Bir özdeyişte söylendiği gibi: “Kimse gerçekleri görmek istemeyenler kadar kör olamaz” Kıfayetsiz muhteris liberaller körlüklerini yayma uğraşı içindeler. Bu onların tarihsel zavallılığıdır. Sömürülenlerin, ezilenlerin yürüttükleri mücadeleden asalak gibi beslenenler her zaman oldu. Varlıklarını bu mücadeleye borçlular ve yakamızdan kendi kendilerine düşmeleri beklenemez.
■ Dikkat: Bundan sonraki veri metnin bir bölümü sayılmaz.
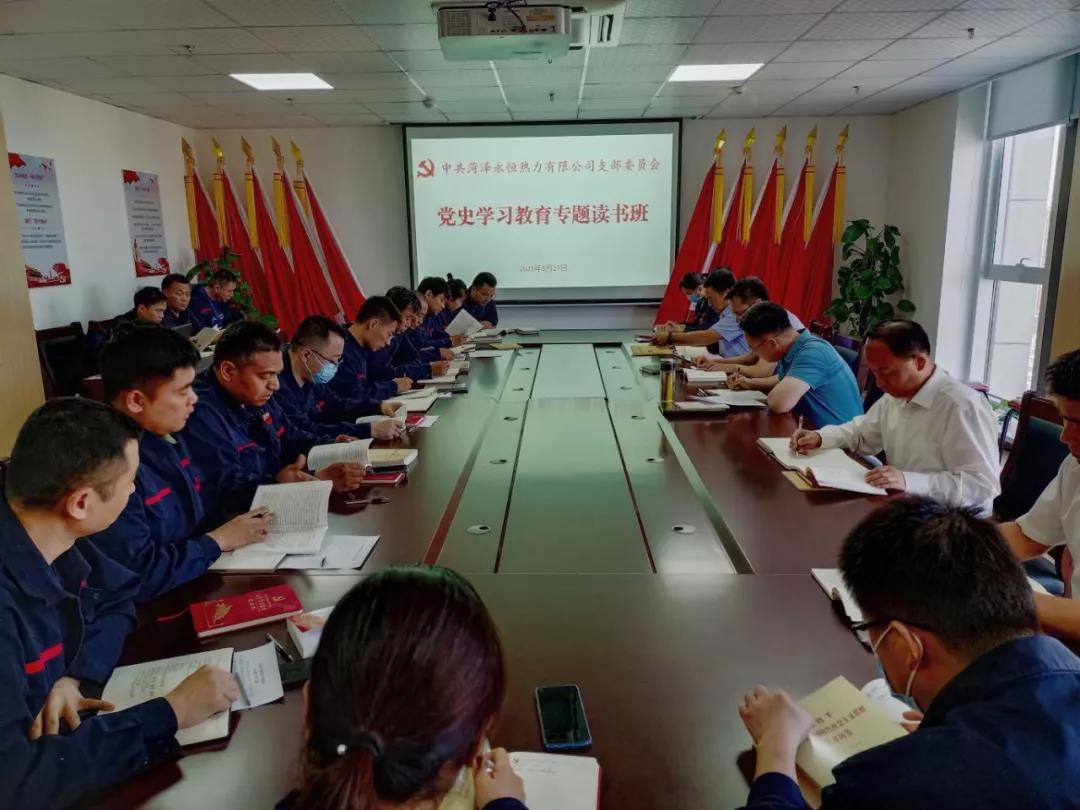 為促進黨史學習教育取得實效、達到預期效果,引導全體黨員干部靜下心、沉下身,聚精會神讀原文、學原著、悟原理,5月27日,菏澤永恒熱力黨支部舉辦黨史學習教育專題讀書班,公司董事長、黨支部書記肖培飛主持會議并講話,全體黨員及中層副職級以上干部參加了此次活動。

Bunun üstesinden gelebilmenin yegane yolu da pratik devrimci mücadeleyi yükseltmektir.
Devrimci politika için herşey nettir, saflar berraktır ve liberalizmin panzehiri devrimci mücadeledir. Asalakları yakamızdan silkeleyeceğiz, çünkü umut biziz.